HF20 Exploratory Data Analysis on Proposed PayOut Changes

The upcoming HF20 proposes to make changes in how pay-out is rewarded.  The proposed changes will affect posts in which there are votes cast in the first 15 minutes.  

Repository

https://github.com/steemit/steem 

Currently rewards from votes cast in the first 30 min are on a curve on the split between Author and Curator.  it's an increasing % to the curator from the first minute, 0 at 0 mins, 100% from 30 mins on wards.    Under the proposed changes, for votes made in the first 15 min the author will no longer get these rewards but instead the will be redistributed between all posts with pay-outs.  The reasons given for this change are to discourage self-voting.
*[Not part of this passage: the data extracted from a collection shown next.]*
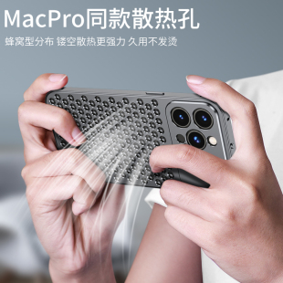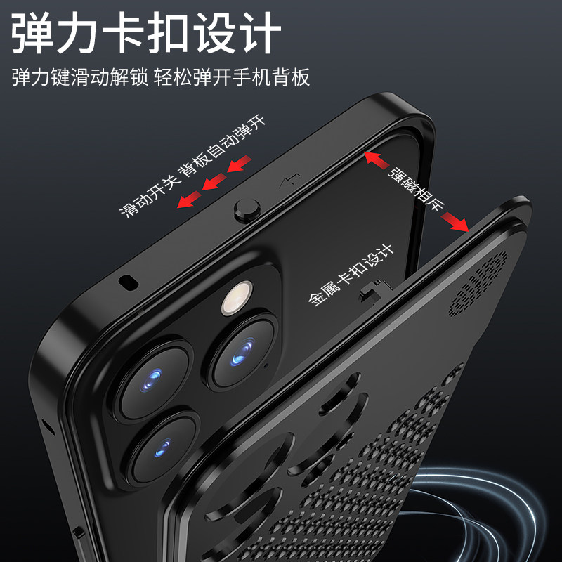 适用苹果16Promax手机壳香薰散热金属壳创意iPhone15Promax手机套个性 苹果14promax铝合金弹扣背板保护套防摔
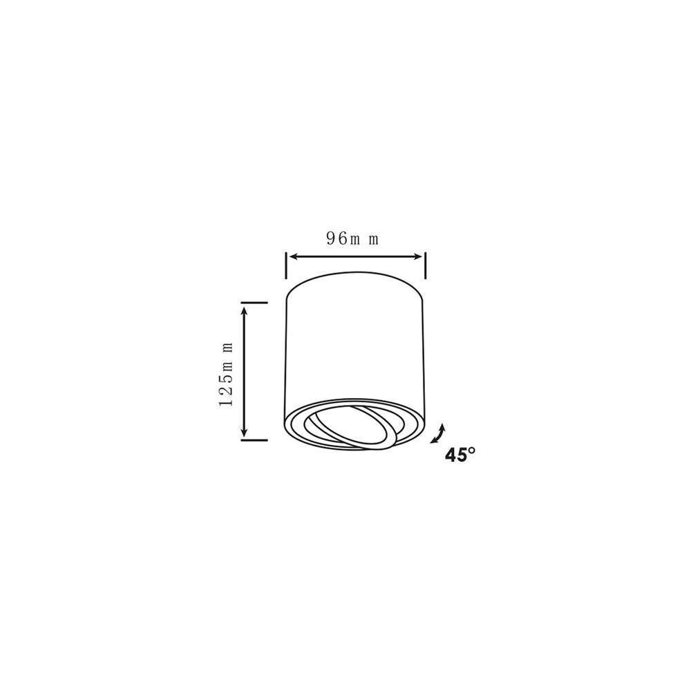 Луна за външен монтаж LVT 0133 - бяло цилиндрично осветително тяло за повърхностен монтаж на таван с интегрирана фасунга GU10. Луна за таван от висококачествен прахово боядисан алуминий в цвят бял мат. Подвижно осветително тяло с регулируем ъгъл на светене. Бяла луна за повърхностен монтаж LVT 0133 е лесна инсталиране и е с лесна смяна на LED крушката.
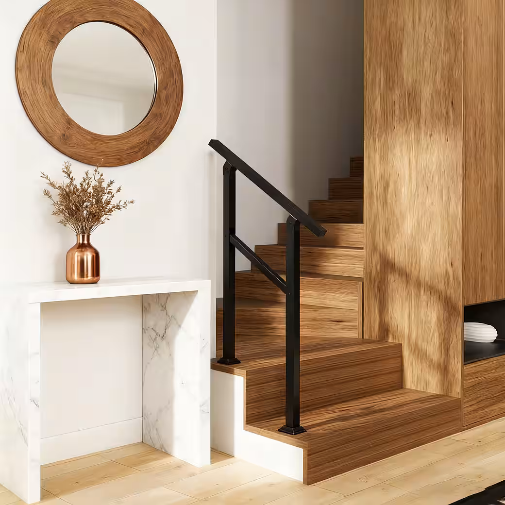 • Robust and durable handrail: Unlike some aluminum handrails, this stair railing is made of high-quality galvanized steel, ensuring stability and durability and withstanding various outdoor weather conditions such as rain, snow, and sun exposure. The black, matte powder coating on the handrail’s surface not only provides a firm grip for the user, even in wet conditions, but also protects the metal and offers high resistance to rust, scratches, and fading.
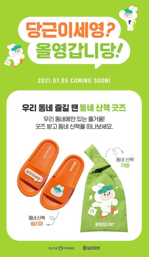 이번에 출시한 굿즈는 동네 산책 슬리퍼와 가방 2종이다. 동네 산책 슬리퍼는 당근마켓의 마스코트인 당근이 얼굴과, '당근이세요'와 '올리브영'을 조합한 '당근이세영?'이라는 재치 있는 문구를 넣었다. 동네 산책 가방에는 '올영갑니당' 문구와 함께 동네 산책 굿즈를 착용하고 올리브영으로 향하는 당근이의 모습을 담아 위트를 더했다. 슬리퍼와 가방은 모두 친환경 소재로 제작했다.
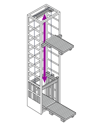 垂直搬送機とは、物流センターや工場などの建物に設置される荷物を垂直方向に搬送する装置のことです。荷物用エレベーターとは異なり、建築基準法上の「昇降機」に該当しないため、建築確認申請や労働基準局の許可や設置後の定期検査報告などが不要です。荷物の搬送に特化しているため搬送速度を速くすることができ、入庫や出庫を行う搬送装置と組み合わせることで、効率的な搬送システムを構築することが可能です。このことから、物流センターや工場などでは多く導入されています。
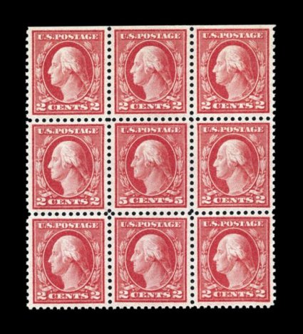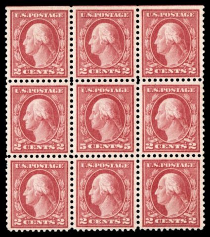 619 nhbl 505 image#505, 5c Rose error, single error in a block of nine, the error stamp is marvelously well centered within large margins, bright and fresh, o.g., n.h., natural flat plate crease affects the bottom left 2c stamp only and is mentioned for strict accuracy, extremely fine; an especially choice and desirable error block; clear 2004 PF certificate. (Image) $1,150.00
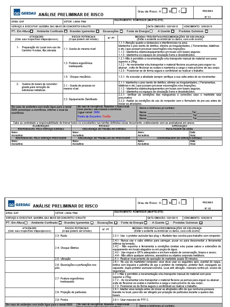 ANÁLISE PRELIMINAR DE RISCO Grau de Risco: A B C PÁGINAS
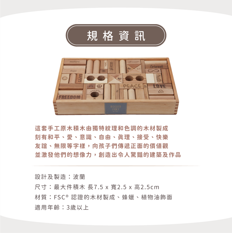 波蘭【WOODEN STORY】原木積木組-108pcs
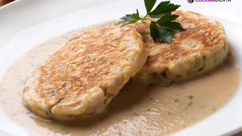 Receta de Karlos Arguiñano de tortitas de pavo, champiñones, ajos frescos, harina, levadura, leche y huevos. Para acompañar, una rica salsa de champiñones y vino blanco.
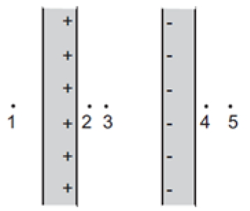 La figura a continuacion muestra dos placas infinitas,delgadas,planas,y paralelas. las placas tienen cargas de misma magnitud, pero de signos opuestos,distribuidos uniformemente en las superficies internas. ordene de menor a mayor la magnitud del campo eléctrico en los 5 puntos mostrados a continuación.
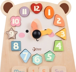 El reloj de madera con forma de osito de la marca Classic World es un juguete versátil que ayuda a los niños a aprender la hora, los días de la semana, los meses y a reconocer colores y formas. Gracias a los bloques extraíbles con números y nombres, los más pequeños pueden practicar la coordinación mano-ojo, el pensamiento lógico y las habilidades manuales.
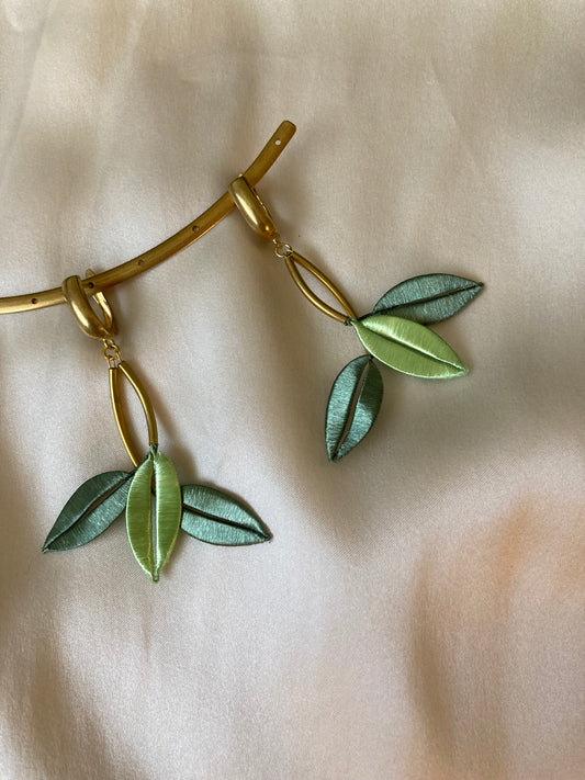 Modern Design Shiny Hand-wrapped Shiny Green Silky Thread Tree Leaf Earrings
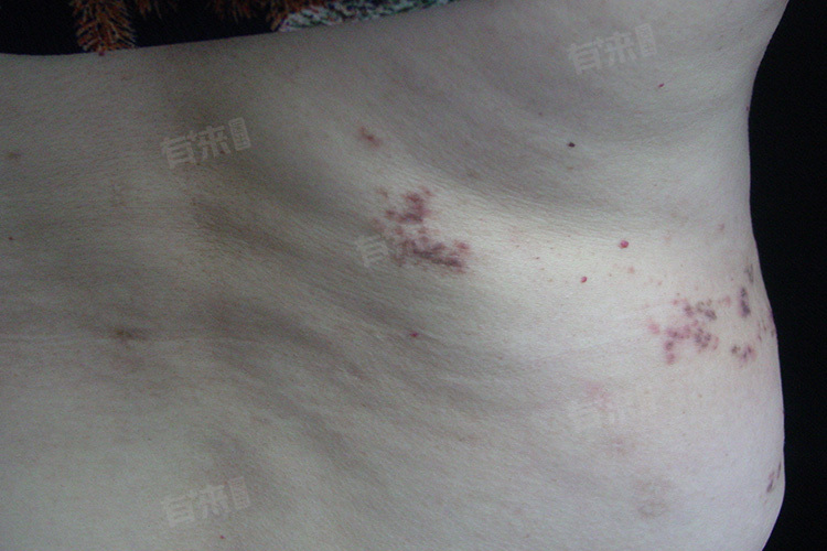 - 其形态可表现为斑丘疹、斑点、红斑或者小水疱,且在不同个体中,皮疹的类型可能有所差异。常见的表现是皮肤上出现大小不一、色泽红或粉红的斑丘疹或小斑点,这些皮疹通常没有明显的界限,散布在皮肤表面。部分患者可能会出现小水疱,水疱内充满透明液体,可能会伴随局部的疼痛或痒感。皮疹往往伴随着一定的灼热感或瘙痒,给患者带来不适。
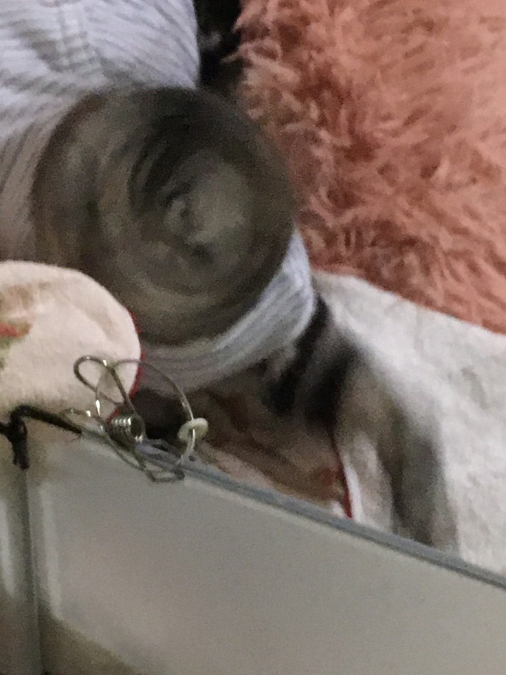 亡き祖父のお下がりタオルの上で荒ぶり、どこが顔なのか頭なのか…判別つかない。

This has led to a post by @tcpolymath and a response by @davemccoy where the discussion turns to how the rewards are redistributed.  From these conversations the concerns are that these changes will redistribute the rewards to those that are already earning a lot, and the rich will just get richer.

I would suggest that you have a read of both posts and the conversations that take place in the comments

/@tcpolymath/this-post-will-exist-in-fifteen-minutes

/@davemccoy/new-ad-slogan-steemit-where-the-rich-get-richer

Its is because of these posts that I decided to take a look at the data.

Aim of Analysis

This is an exploratory analysis.  The aim was to get an indication of the level of votes placed on posts within the first 15 and 30 min to see how much of a problem early voting is.  I also wanted to try an establish who votes early and get an idea of how much this drains from the rewards pool.  From here I wanted to use this information to draw a conclusion on if HF20 will make the rich richer or have any impact at all.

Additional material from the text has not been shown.